Конец 60-ых. Дефицит

                Старый буфет  почти упирался в потолок.  За стеклянными дверцами прятались вазочки и рюмки из цветного стекла, в нижнем отделении хранилась праздничная посуда, наборы ложек, ножей, вилок из мельхиора, названного более ста лет назад острым на язык французом «столовым серебром бедноты», а в многочисленных ящичках буфета - множество всяких неожиданных, зачастую ненужных, но очень интересных вещей.   
                Там были старые письма, стопки рецептов, папки с фотографиями. В папином отделении хранились три старых фотоаппарата, один из которых делал снимки еще на стеклянные пластины, курвиметр, само название которого уже возбуждало воображение, несколько старых компасов, карты...
                Буфет был в опале. Готовясь к приходу гостей на день рождения, мама  испекла хворост, сложила  на фанерной дощечке на шкаф, и... забыла про него. Хворост, аппетитно посыпанный сахарной пудрой, был виден, кто-то из гостей пытался намекнуть: «Может, у такой рачительной хозяйки припрятано еще что-нибудь вкусное к чаю? - но мама была непреклонна: «Уж не обессудьте, гости дорогие, что смогла, то и приготовила»...
                Когда гости ушли, к превеликому маминому ужасу,  мы с братом подставили табуретки и сняли с буфета хворост. Я, сладкоежка, была в восторге. Брат, несмотря на достаточно солидный возраст,  не уступал мне в поедании вкусного печенья, неожиданно доставшегося нам в таком огромном количестве, а мама решила, что во всем виноват буфет.  Теперь она именовала его не иначе как «эта рухлядь», и при каждом удобном случае, поглядывая на него, грозила: «Вот подожди, придет срок, заменим тебя на более современную мебель».
                Третирование буфета продолжалось так долго, что, в конце концов, брат не выдержал и подарил папе на день рождения сервант.  Каким  способом он доставал этот вожделенный мамой предмет, и почему это был подарок именно на папин день рождения – в памяти не сохранилось,  зато все последующие события надолго вошли в историю нашей семьи.

               
                Конечно, для того, чтобы полностью переложить все, что хранилось в буфете, нам понадобилось бы, как минимум два серванта. Но маму такие мелочи смутить не могли: каким-то образом все содержимое буфета «распихали» по ящичкам и уголкам.  Теперь в гостиной рядышком, словно Пат и Паташон,  стояли два шкафа: высоченный пустой буфет и приземистый новый сервант, поблескивающий полировкой.  По правде говоря, наши с папой души все-таки склонялись к буфету. Но мамина артистическая натура время от времени жаждала перемен, пусть даже все «новое» заключалось лишь в замене предмета  обстановки. Маленькие радости помогали маме на короткое время вырваться из будней повседневности. Мы это понимали и не спорили.
                Для полного счастья теперь надо было освободиться от  буфета.

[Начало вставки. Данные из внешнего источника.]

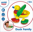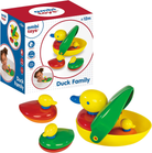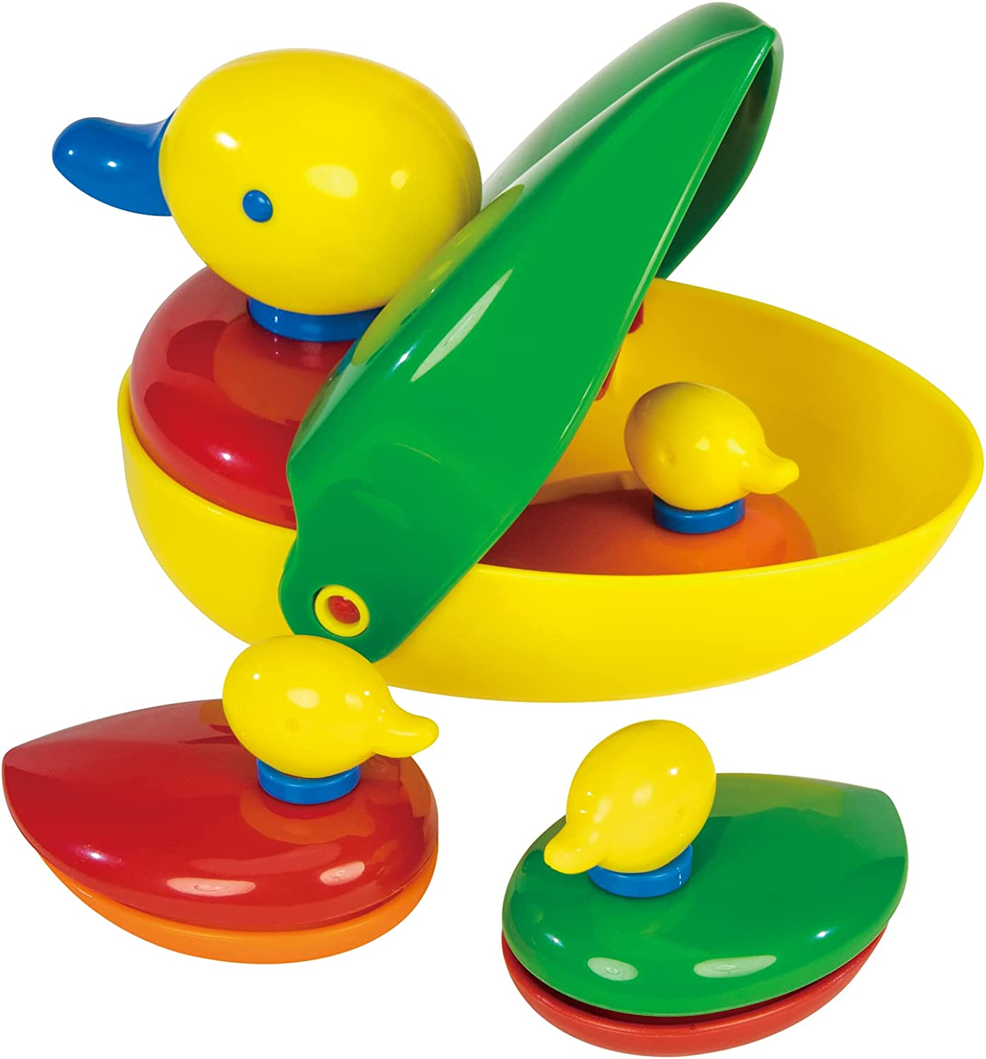 Three Little ducklings hide inside mother duck. The happy family swims together to delight a child at bath time.

                И, в одно прекрасное воскресенье, когда папа уехал в сад (в Ростове 6 соток земли, которые выделяли желающим за городом, для выращивания фруктов и овощей, называли не дачей, а садом), мама решила «провернуть операцию».  Продать буфет можно было в комиссионном магазине, находящемся  всего через квартал от нашего дома, но... его  надо было туда довезти. 
                Не знаю, было ли что-нибудь, что могло остановить маму, когда она чего-то хотела очень сильно. А она хотела.  Подкрасив губы и распрямив спину, словно гимнастка, выходящая на ковер, мама направилась в комиссионку. 
                Судя по результату, на то, чтобы уговорить оценщика прийти к нам домой, у мамы ушло не более двадцати минут. Мало того, вместе с приемщиком комиссионного магазина к дому подошла, деликатно постукивая копытами, лошадка, запряженная в телегу.  Был конец шестидесятых,  лошадь, хрумкающая сено из мешка, висевшего у нее на шее, смотрелась в нашем южном городе  достаточно экзотично, но ее это не смущало.  Красивым карим глазом лошадь косилась на окружавшие ее автомобили, подрагивала ушами, прогоняя мух, и всем своим видом давала понять: «Эй, вы там, в квартире, поторопитесь, долго я еще  стоять буду?»
                Приемщик  мельком глянул на буфет, назвал сумму, за которую его могли выставить на продажу в комиссионном магазине,  и по-хозяйски прошелся по квартире.  Заглянув в спальню, длинную и очень узкую комнату с двумя окнами, не раздумывая предложил: «За никелированную полуторную кровать дам вдвое больше,  и столько же еще за двухстворчатый шкаф».
- Мы только буфет хотели продать, - начала говорить мама, - но уверенный в себе посетитель перебил: «Как хотите, конечно. Только имейте в виду: лошадь с подводой возле дома стоит, мне все равно, сколько вещей на нее грузить, а потом надумаете продавать – придется опять ломать голову, где взять транспорт»...
                Поколебавшись не более пары секунд,  мама махнула мне рукой: «Давай, разгружай шифоньер».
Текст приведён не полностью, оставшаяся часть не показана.